MATERIAL SUPPLIED
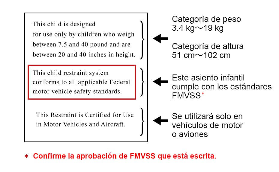 A continuación, se muestra la declaración de que este asiento para niños cumple con las normas FMVSS, seguida de la declaración de que el asiento solo se debe utilizar en vehículos motorizados o aviones.
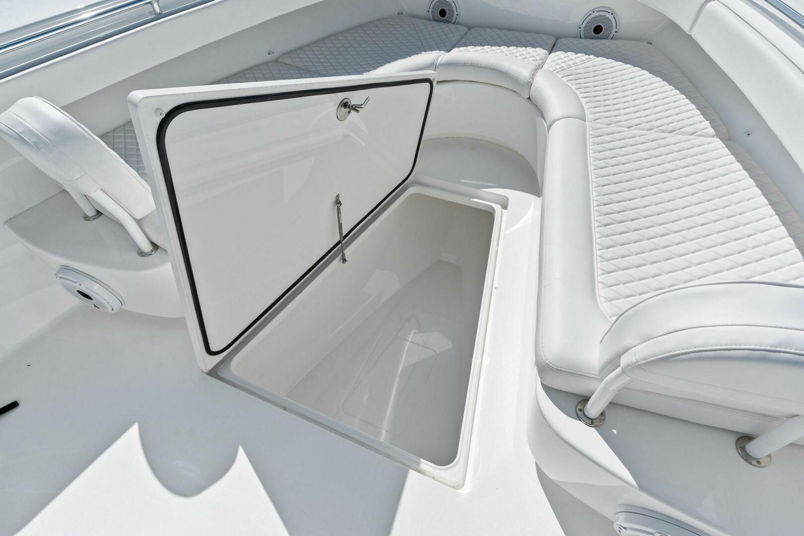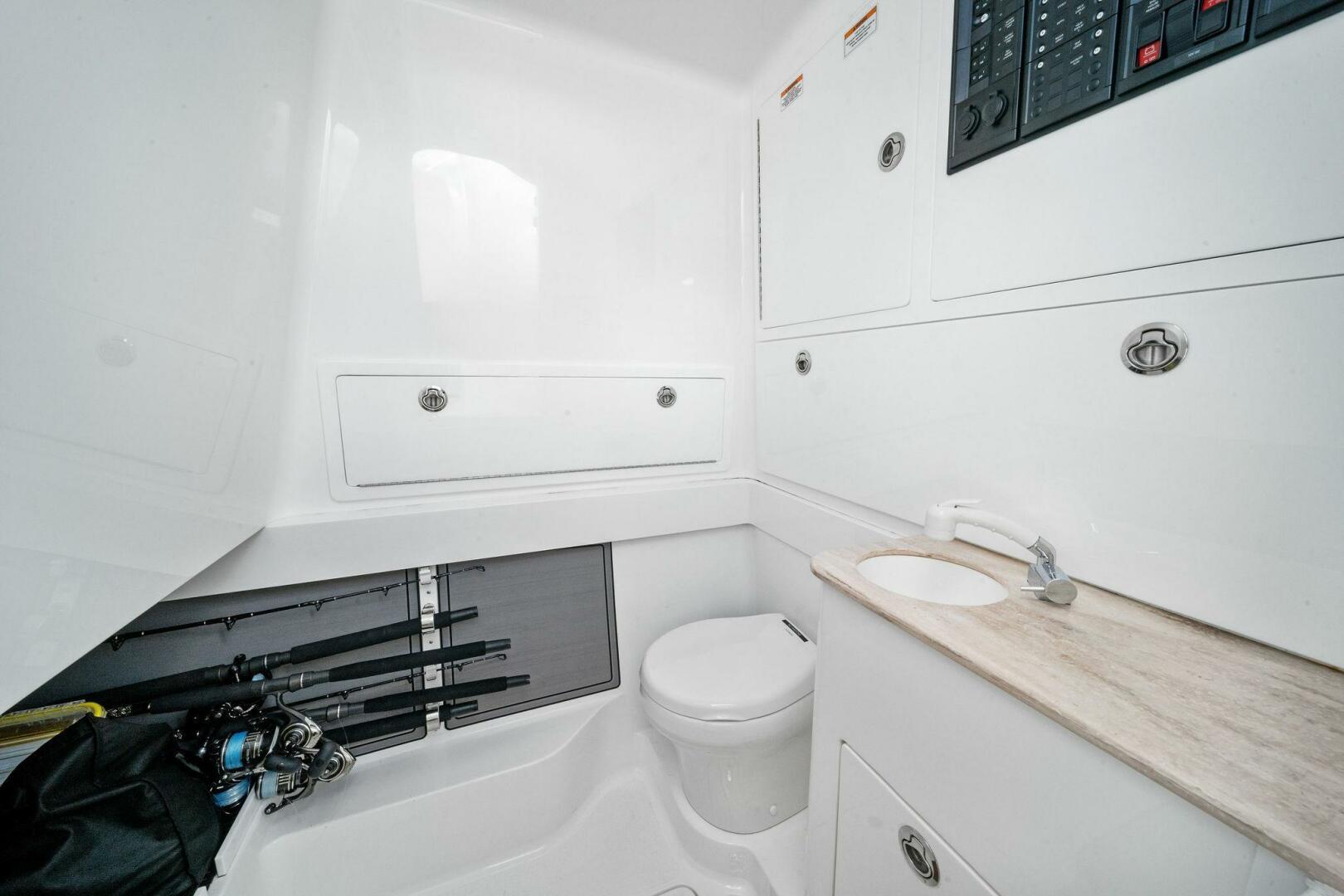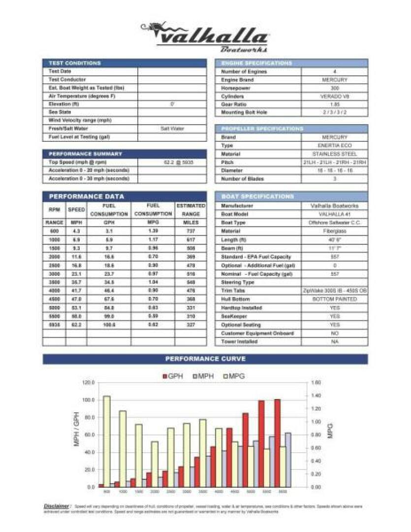 2023 41 Valhalla Center Console is in pristine condition and ready for her next owner! She was ordered custom by an experienced Viking owner with a great mix of fishing options as well as popular comfort and convenience features. She features a Seakeeper with warranty as well as a custom, oversized Palm Beach Towers T-Top. Her quad V8 300 Mercury Verado delivers impressive top-end speeds of 55 knots with the highest fuel economy and range available in any power package. These engines are non-supercharged, have V8 torque, and are very reliable with Mercury extended warranty until Feb of 2028. Her patented stepped / tunnel hull was designed by Michael Peters in collaboration with Valhalla Boatworks designers. The Valhalla 41 is where form and function blend seamlessly into the most advanced center consoles ever made. If you're ready to experience the legendary ride and speed of a Valhalla V-41, call us today!
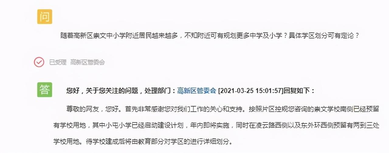 高新区崇文中小学附近可有规划更多中学及小学?
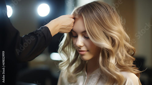 Fototapeta premium スタイリストにヘアメイクをしてもらう女優・モデル・芸能人
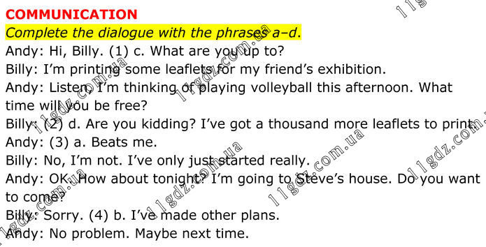 COMMUNICATION Complete the dialogue with the phrases a–d. Andy: Hi, Billy. (1) c. What are you up to? Billy: I’m printing some leaflets for my friend’s exhibition. Andy: Listen, I’m thinking of playing volleyball this afternoon. What time will you be free? Billy: (2) d. Are you kidding? I’ve got a thousand more leaflets to print. Andy: (3) a. Beats me. Billy: No, I’m not. I’ve only just started really. Andy: OK. How about tonight? I’m going to Steve’s house. Do you want to come? Billy: Sorry. (4) b. I’ve made other plans. Andy: No problem. Maybe next time.
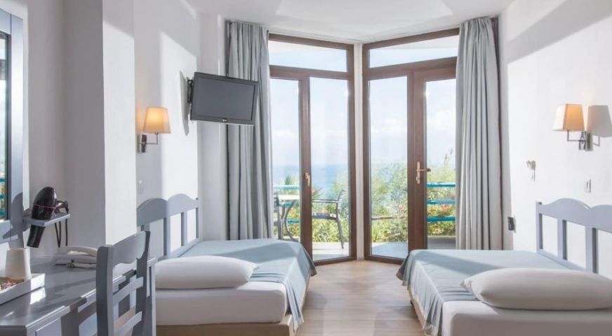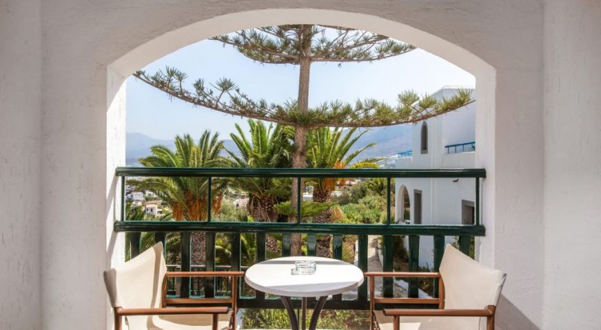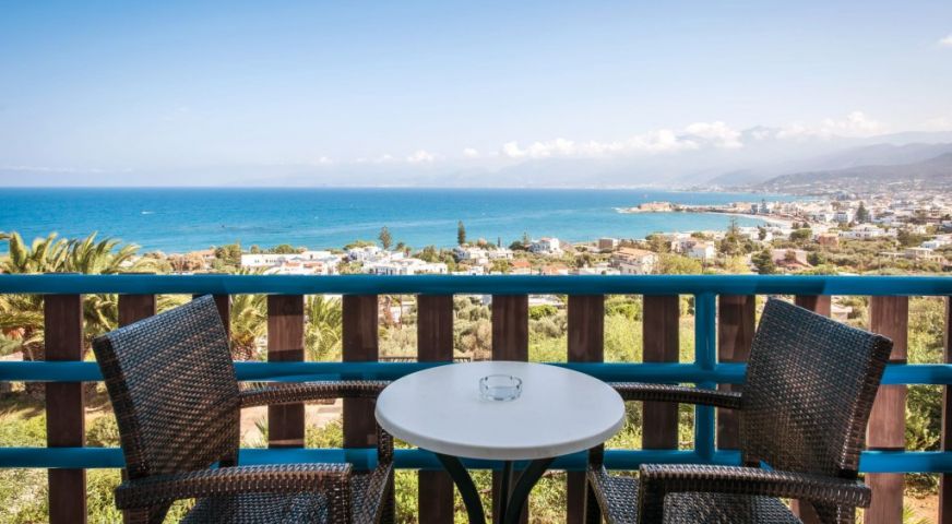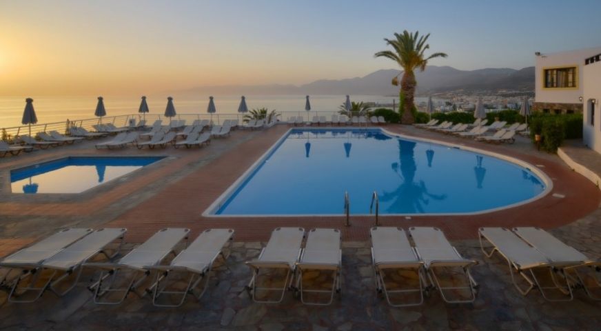 Хотелът с красива зелена площ и панорамна гледка към морето наподобява традиционно критско село. Разнообразна вечерна програма срещу допълнително заплащане. Препоръчваме го както за спокойна семейна почивка, така и за романтично бягство за двама. Гостите с ограничена подвижност и семействата с малки деца трябва да имат предвид, че хотелът е разположен на хълм и до плажа се стига от планината.

ABOUT THIS EXERCISE
The lines from the one containing "高新区崇文中小学附近可有规划更多中学及小学?" through the last line of the data above are to be transcribed exactly, both included, with all pictures left out.

SOLUTION BELOW
 高新区崇文中小学附近可有规划更多中学及小学?
 Fototapeta premium スタイリストにヘアメイクをしてもらう女優・モデル・芸能人
 COMMUNICATION Complete the dialogue with the phrases a–d. Andy: Hi, Billy. (1) c. What are you up to? Billy: I’m printing some leaflets for my friend’s exhibition. Andy: Listen, I’m thinking of playing volleyball this afternoon. What time will you be free? Billy: (2) d. Are you kidding? I’ve got a thousand more leaflets to print. Andy: (3) a. Beats me. Billy: No, I’m not. I’ve only just started really. Andy: OK. How about tonight? I’m going to Steve’s house. Do you want to come? Billy: Sorry. (4) b. I’ve made other plans. Andy: No problem. Maybe next time.
 Хотелът с красива зелена площ и панорамна гледка към морето наподобява традиционно критско село. Разнообразна вечерна програма срещу допълнително заплащане. Препоръчваме го както за спокойна семейна почивка, така и за романтично бягство за двама. Гостите с ограничена подвижност и семействата с малки деца трябва да имат предвид, че хотелът е разположен на хълм и до плажа се стига от планината.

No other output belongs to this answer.